Task details
Leave the images aside and repeat the whole listing exactly.

Data excerpt
══════════════════════════════

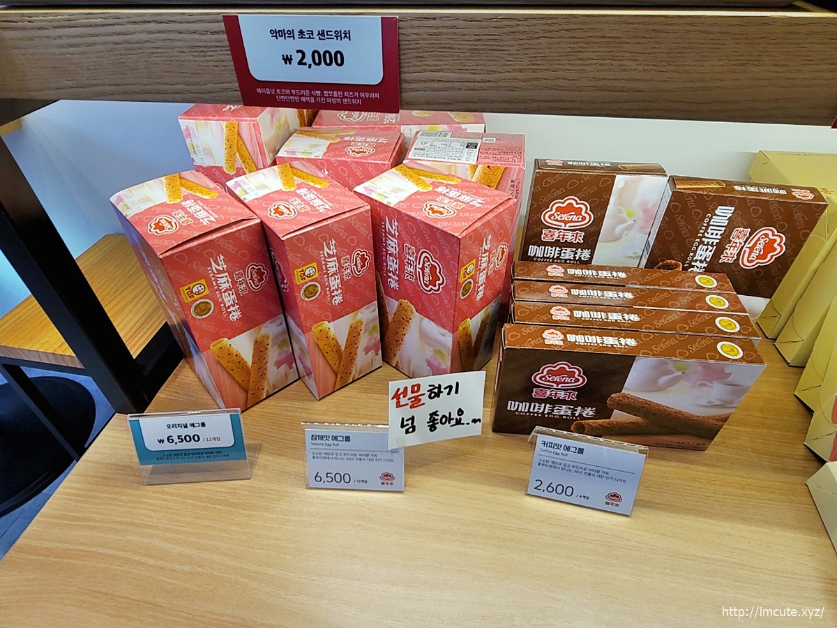그 외에도 오리지널 에그롤이 6500원, 참깨맛 에그롤 6500원, 커피맛 에그롤이 2600원이었습니다.
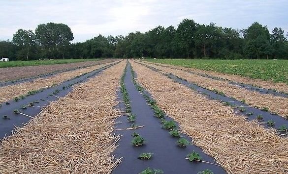 Использование материала в садоводстве (на плантациях земляники, крыжовника, смородины, ежевики) снижает степень развития заболеваний, вызванных в результате контакта ягод с влажной почвой. В первую очередь это относится к серой гнили, возбудитель которой находится в любой почве.
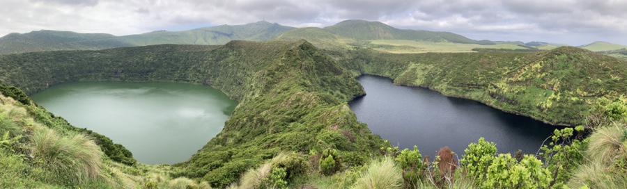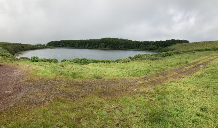 Há um miradouro na estrada que as separa, mas “a” vista é a outra. A Rasa, com uma profundidade de 17,5 metros, está logo ali ao nosso nível, emoldurada por dois montes ondulantes. A Funda, com 26,9 metros de profundidade, fica mais abaixo e está margeada por densa e exuberante vegetação a toda a volta. Apreciada esta maravilha, sigamos, então, até ao Miradouro das Lagoas, lugar de início do nosso percurso pedestre, a 6 kms de distância de carro deste Miradouro das Caldeiras Funda e Rasa.

══════════════════════════════

Your solution
그 외에도 오리지널 에그롤이 6500원, 참깨맛 에그롤 6500원, 커피맛 에그롤이 2600원이었습니다.
 Использование материала в садоводстве (на плантациях земляники, крыжовника, смородины, ежевики) снижает степень развития заболеваний, вызванных в результате контакта ягод с влажной почвой. В первую очередь это относится к серой гнили, возбудитель которой находится в любой почве.
 Há um miradouro na estrada que as separa, mas “a” vista é a outra. A Rasa, com uma profundidade de 17,5 metros, está logo ali ao nosso nível, emoldurada por dois montes ondulantes. A Funda, com 26,9 metros de profundidade, fica mais abaixo e está margeada por densa e exuberante vegetação a toda a volta. Apreciada esta maravilha, sigamos, então, até ao Miradouro das Lagoas, lugar de início do nosso percurso pedestre, a 6 kms de distância de carro deste Miradouro das Caldeiras Funda e Rasa.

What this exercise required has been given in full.